Amazon’s $115M Local Sports Rescue Mission

andy jassy
While companies like Disney, Fanatics, and others contemplated becoming more involved in local streaming, Amazon gained a first-mover advantage. Photo: Bruce Bennett/Getty Images
John Ourand
March 4, 2024

If Amazon was serious about getting into the local sports business, it had a lot of options: The company could have waited for the bankrupt Diamond Sports to go belly-up before attempting to secure its local rights on the cheap, or it could have worked directly with the NBA and NHL to secure local streaming rights. Even MLB commissioner Rob Manfred appears more likely to do a deal directly with Amazon than by using Diamond Sports as a middleman. Instead, of course, Amazon wound up swooping in with a $115 million lifeline investment in Diamond Sports back in January—a move that still has a lot of the industry’s top executives scratching their heads. Even if $115 million is pocket change for Amazon, why would the company pursue a deal that props up an old and creaky legacy cable business? Amazon’s Andy Jassy is not known for doing stupid deals.
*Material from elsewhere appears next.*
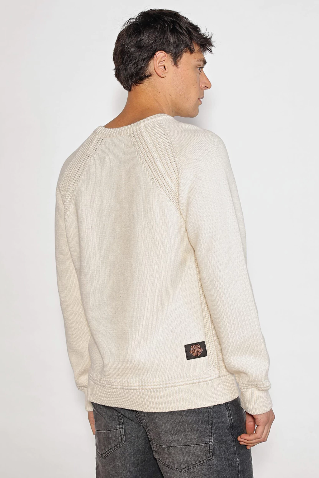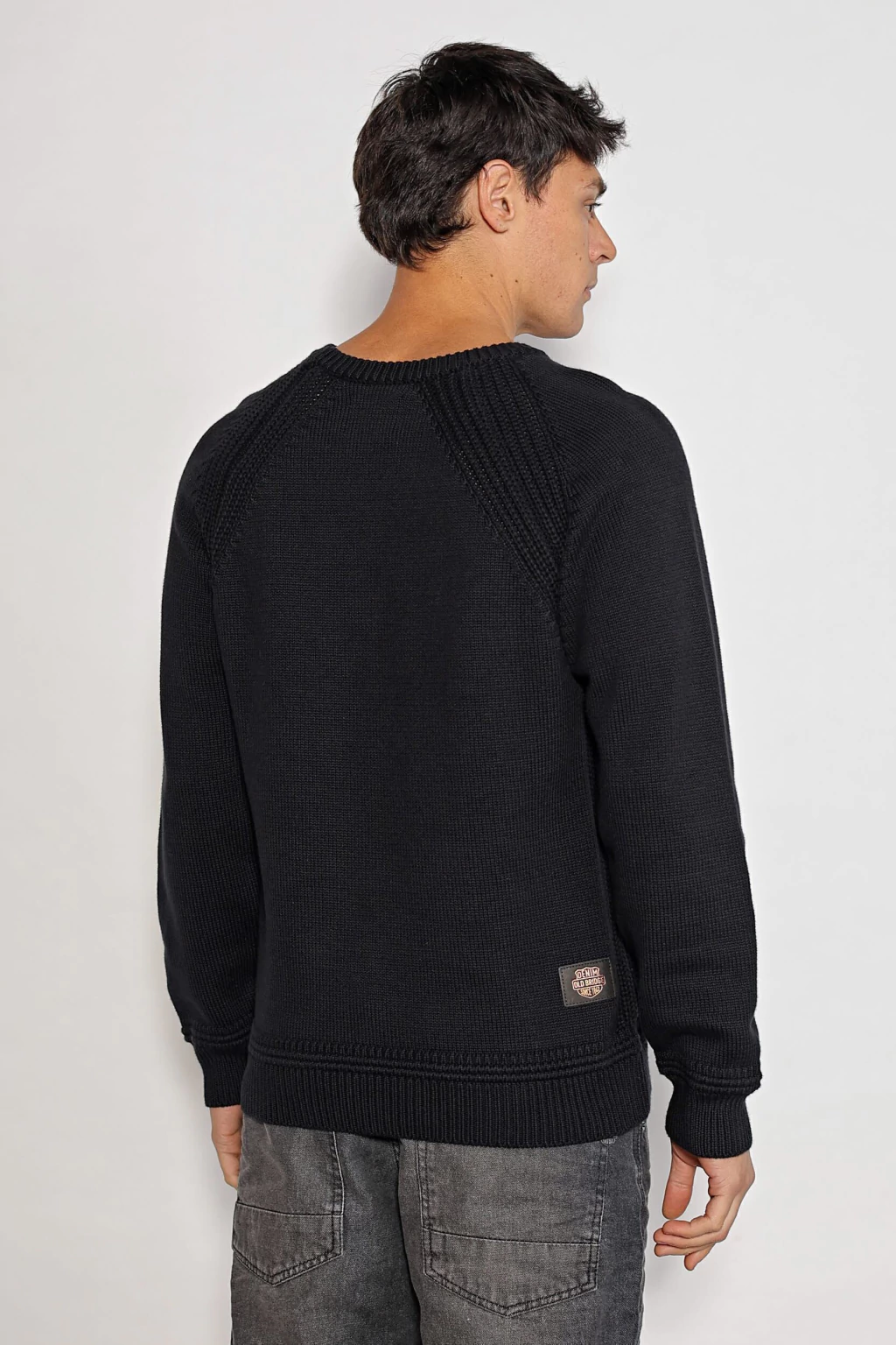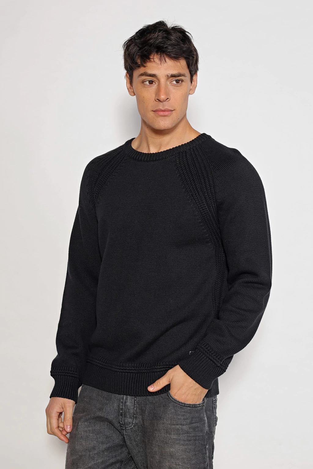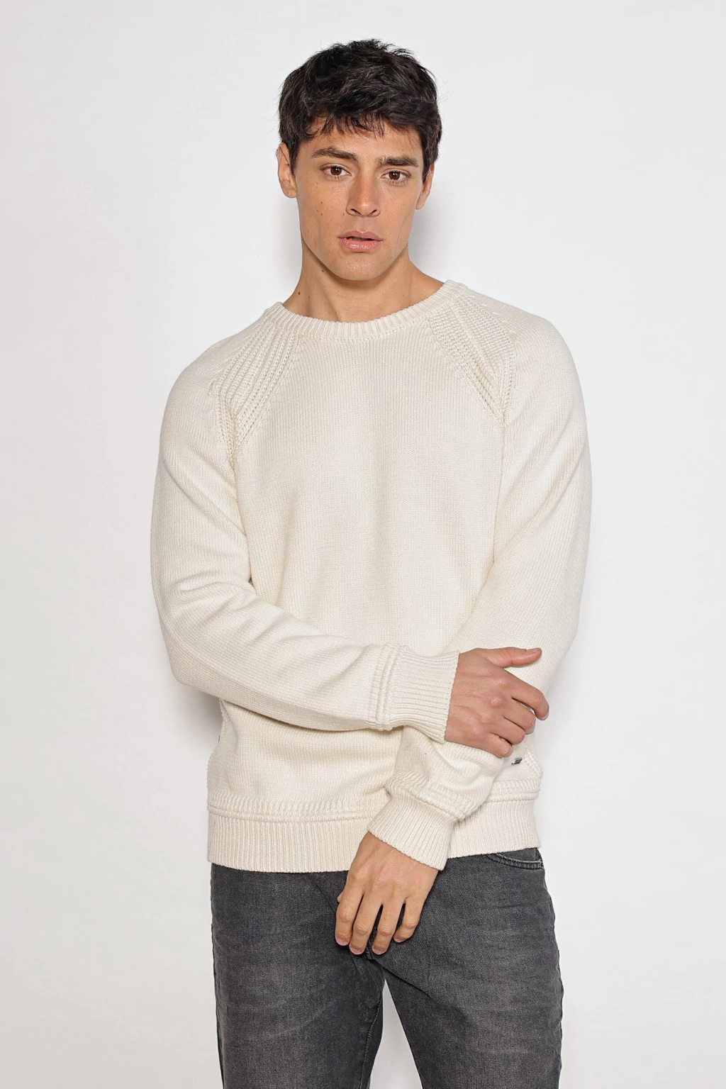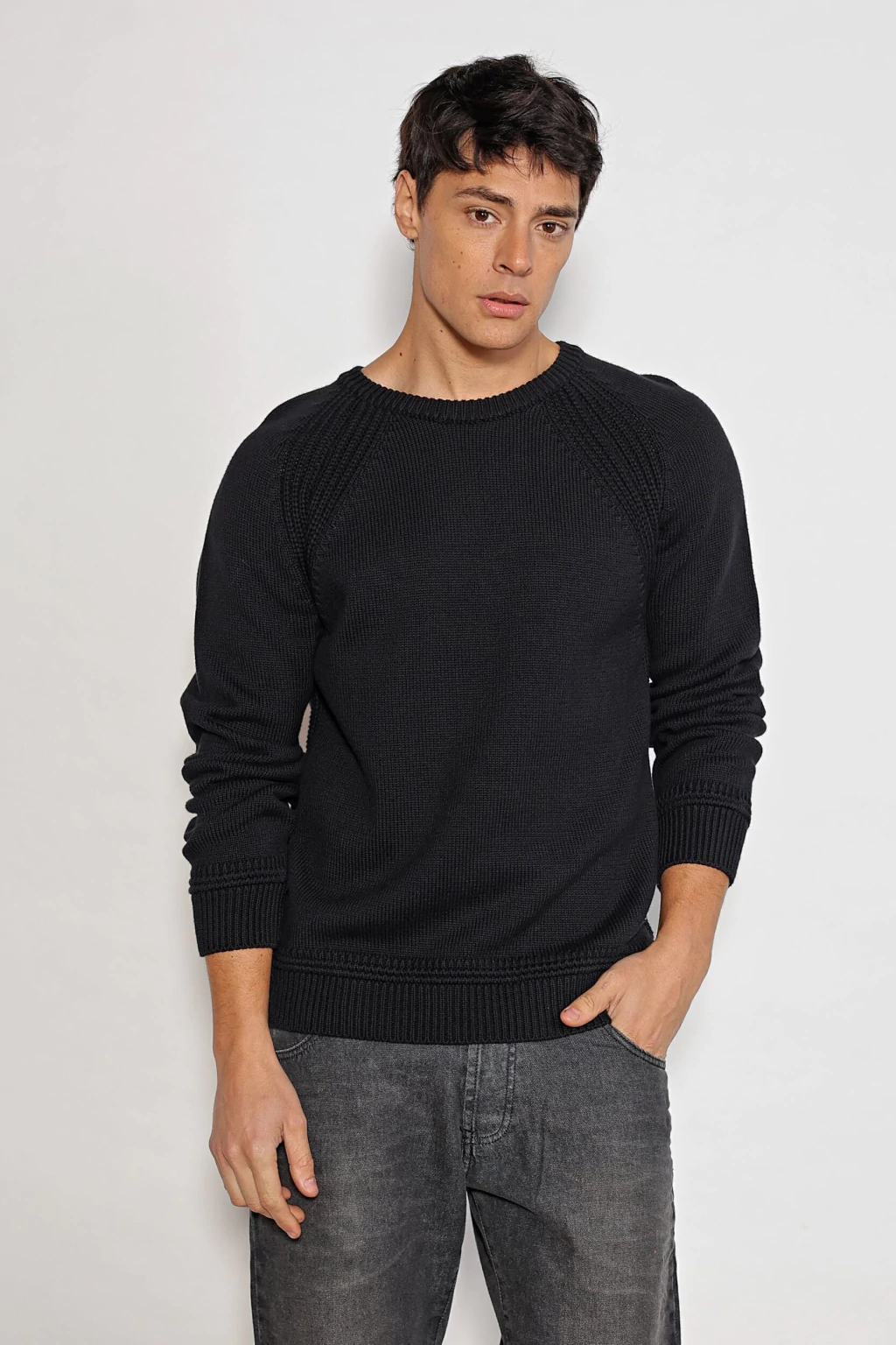 Sweater escote redondo de manga ranglan tejido en puro algodón. Tiene punto jersey en toda la prenda, y un tejido diferencial en laterales y sisas. Es una prenda de peso intermedio.

Ironically, it’s that old-school, legacy R.S.N. business—or, more specifically, the way that it’s structured—that most interested Amazon. Local sports rights are still valuable, even as the R.S.N. business model remains in crisis. And while there’s not a lot of money in local sports streaming right now, Amazon has long been a believer. The company owns 15 percent of YES Network and carries a package of Yankee games locally. This rescue financing represents an escalation of the thesis.